• Exercise inputs
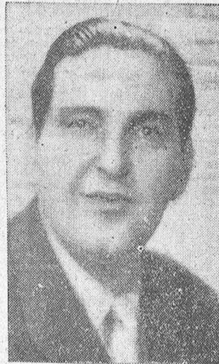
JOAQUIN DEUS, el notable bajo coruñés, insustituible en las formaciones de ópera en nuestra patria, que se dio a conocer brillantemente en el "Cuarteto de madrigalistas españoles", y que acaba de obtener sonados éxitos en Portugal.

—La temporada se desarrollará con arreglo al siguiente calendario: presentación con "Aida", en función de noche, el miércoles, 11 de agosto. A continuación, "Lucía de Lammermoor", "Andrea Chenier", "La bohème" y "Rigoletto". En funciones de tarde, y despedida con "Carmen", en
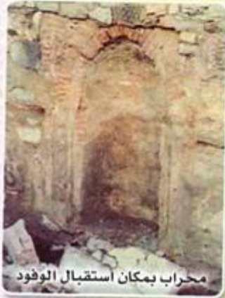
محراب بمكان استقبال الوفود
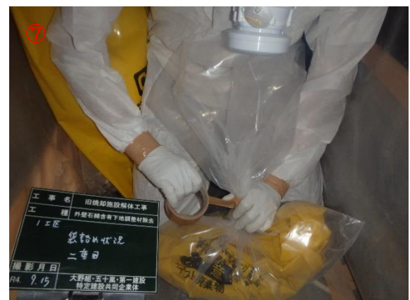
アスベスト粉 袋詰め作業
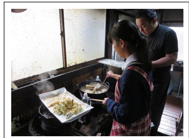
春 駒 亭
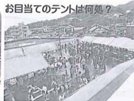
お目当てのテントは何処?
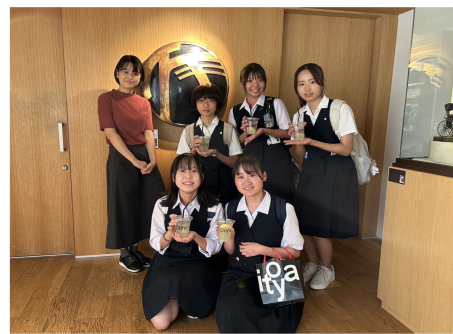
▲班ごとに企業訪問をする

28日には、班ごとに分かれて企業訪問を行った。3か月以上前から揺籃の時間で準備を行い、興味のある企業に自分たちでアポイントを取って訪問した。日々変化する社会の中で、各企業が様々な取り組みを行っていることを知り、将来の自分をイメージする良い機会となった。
--
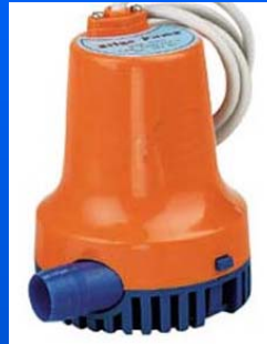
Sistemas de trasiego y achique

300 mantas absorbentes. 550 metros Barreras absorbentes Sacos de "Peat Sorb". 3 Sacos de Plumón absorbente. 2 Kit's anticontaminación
* * *
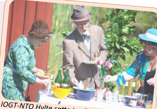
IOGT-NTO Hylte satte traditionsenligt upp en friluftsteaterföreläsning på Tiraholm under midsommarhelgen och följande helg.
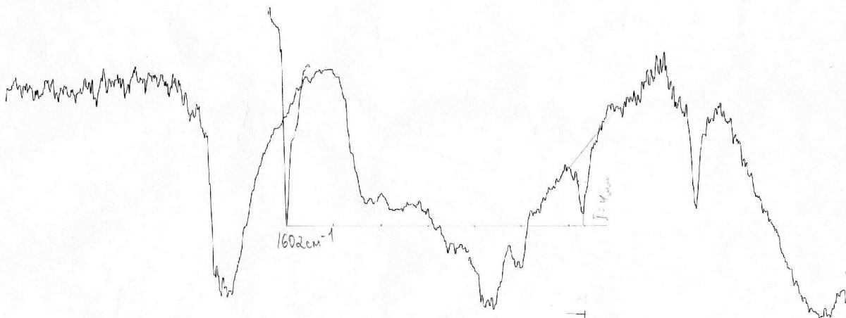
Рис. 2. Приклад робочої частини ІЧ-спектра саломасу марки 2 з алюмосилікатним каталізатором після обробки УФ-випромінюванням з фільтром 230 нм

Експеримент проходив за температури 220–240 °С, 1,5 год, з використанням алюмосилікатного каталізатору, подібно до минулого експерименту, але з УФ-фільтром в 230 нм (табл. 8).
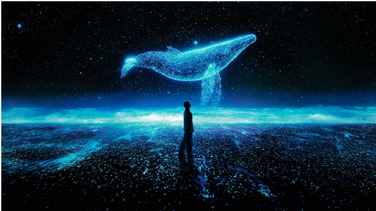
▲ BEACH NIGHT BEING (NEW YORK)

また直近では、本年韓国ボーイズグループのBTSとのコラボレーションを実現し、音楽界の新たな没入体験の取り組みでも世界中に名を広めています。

• Task statement
Print, word for word, the lines above that run from the line containing "محراب بمكان استقبال الوفود" to the line containing "28日には、班ごとに分かれて", both included. Keep the pictures out.

• Solution for this problem
محراب بمكان استقبال الوفود
アスベスト粉 袋詰め作業
春 駒 亭
お目当てのテントは何処?
▲班ごとに企業訪問をする

28日には、班ごとに分かれて企業訪問を行った。3か月以上前から揺籃の時間で準備を行い、興味のある企業に自分たちでアポイントを取って訪問した。日々変化する社会の中で、各企業が様々な取り組みを行っていることを知り、将来の自分をイメージする良い機会となった。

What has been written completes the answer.